Predicting caller responses

Once you’ve determined exactly what your application is going to say in the dialog, the next important step is to go through the entire dialog from the point of view of callers, and try to anticipate the different ways a person might reasonably respond to the prompts you’ve chosen.

You will already have done this to some extent during the prompt design.Now, consider variations of the responses, and responses you haven’t anticipated already. This serves as an elementary test of your dialog, to make sure it flows as you intended in different circumstances, and to identify plausible responses you might not have considered so you can include them in your grammar.

For example, possible caller responses to our flight application prompts appear below:

What city would you like to leave from?

San Francisco

I’m leaving from San Francisco

I’d like to leave from San Francisco

Uh, San Francisco

San Francisco, please

I’m flying from San Francisco

Departing from San Francisco

[the city name by itself]

[a literal response]

[another literal response]

[initial hesitation]

[final “please”]

[some additional possibilities]

What city would you like to fly to?

New York

I’m flying to New York

I’d like to fly to New York

Uh, New York

New York, please

Going to New York

My destination is New York

[the city name by itself]

[a literal response]

[another literal response]

[initial hesitation]

[final “please”]

[some additional possibilities]

What date would you like to leave?

May second

I’d like to leave on May second

I’m leaving on May second

Leaving May second

Um, May second, please

[the date by itself]

[a literal response]

[a second literal response]

[a third literal response]

[hesitation + final "please"]

What time would you like to depart?

I’d like to depart at 2 pm

I’m departing at 2 pm

Departing 2 pm

2pm, please

[a literal response]

[a second literal response]

[a third literal response]

[final "please"]

You’re going from <origin> to <destination> on <date> at <time>. Is that right?

Yes

No

Yes, that’s correct

Yes it is

Yes, that’s right

No, that’s not correct

No, it’s not

No, that’s wrong

Yeah

["yes" by itself]

["no" by itself]

[a literal response]

[a second literal response]

[a third literal response]

[a fourth literal response]

[a fifth literal response]

[a sixth literal response]

[casual alternative]

In this particular example, it’s important to remember that the cities themselves may sometimes be identified in different ways. For example, Los Angeles may be called “Los Angeles”, or simply “L.A.” while New York may be identified as “New York”, “New York, New York”, “New York City”, or “NYC”.

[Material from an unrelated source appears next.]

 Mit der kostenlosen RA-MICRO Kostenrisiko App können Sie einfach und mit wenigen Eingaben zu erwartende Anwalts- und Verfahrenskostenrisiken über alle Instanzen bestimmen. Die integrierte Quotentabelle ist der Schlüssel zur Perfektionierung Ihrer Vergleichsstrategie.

It is not necessary to predict every response to your prompts or to cover every possible utterance that callers might make. You must balance the extent of your grammar’s coverage with other factors, such as speed and accuracy. The smaller the grammar is, the better its recognition speed and accuracy. If you try to cover too much, you’ll sacrifice performance.

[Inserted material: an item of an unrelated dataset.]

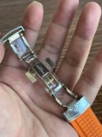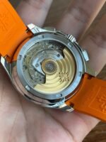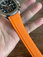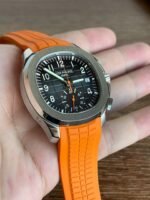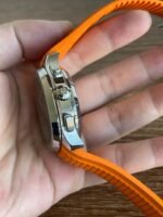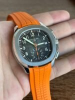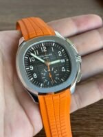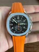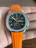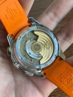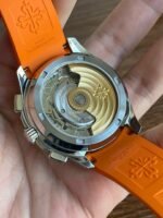 Colored dial and colored tape, the chronograph seconds hand and scale in the center of the dial and the 30-minute counter at 6 o’clock, as well as the chronograph hands, are all orange, and the tape is also orange (the tape is available in both black and orange) Patek Philippe CH28 chronograph movement is self-winding, column-wheeled, vertically clutched, and has a flyback function The 6 o’clock counters have a 60-minute counter and a 12-hour counter, which are set together (the 60-minute counter is on the outer ring, the 12-hour counter on the inner ring). The 6 o’clock chronograph has a 60-minute counter and a 12-hour counter, both of which are integrated (the 60-minute counter is on the outer ring and the 12-hour counter on the inner ring).

For an initial release, it’s best to focus on the most plausible ways that people could respond to each prompt, and build those responses into your first grammar. Remember that if the first response is out-of-grammar, you can use secondary prompts in the voice application to give callers a better idea of how to answer (see Errors and reprompts). If necessary, you can expand your grammar later based on actual results from your pilot testing of the application.

Synonyms

There are usually many different ways to answer a given question. Even for a simple yes/no question, callers will likely answer with a wide range of responses: “yeah”, “yup”, “yessir”, “no way”, “correct”, “nope”, “wrong”, and others that may not immediately seem obvious.

Synonyms

As the example above shows, there may be many synonyms for even the simplest words. Callers may use such words interchangeably: in the phrase “Please send all calls to my home”, a caller could just as easily use “direct” or “transfer” in place of “send”, or “house” or “place” instead of “home”.

Acronyms

If there are acronyms commonly used in the subject of your application, callers may reply with the acronym, or they may use the full term instead.

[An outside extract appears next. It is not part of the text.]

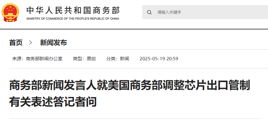 商务部新闻发言人就美国商务部调整芯片出口管制有关表述答记者问。

For example, in a banking application that lets callers buy Canadian GICs (Guaranteed Investment Certificates), a caller may use either “GIC” or “Guaranteed Investment Certificate” to refer to them. In the flight reservation example, a caller might refer to Los Angeles as “L.A.” or to Kansas City as “K.C.” rather than use the city’s full name.

Extra words

While you may only be interested in one or two key words in a response, callers will probably use several. The instruction “transfer a thousand dollars from savings to checking” can be preceded by many different phrases: “I’d like to...” “Please...” “Can I”, and other such variations. Similarly, callers may end a sentence with “please”, “if you don’t mind”, and other such polite phrases.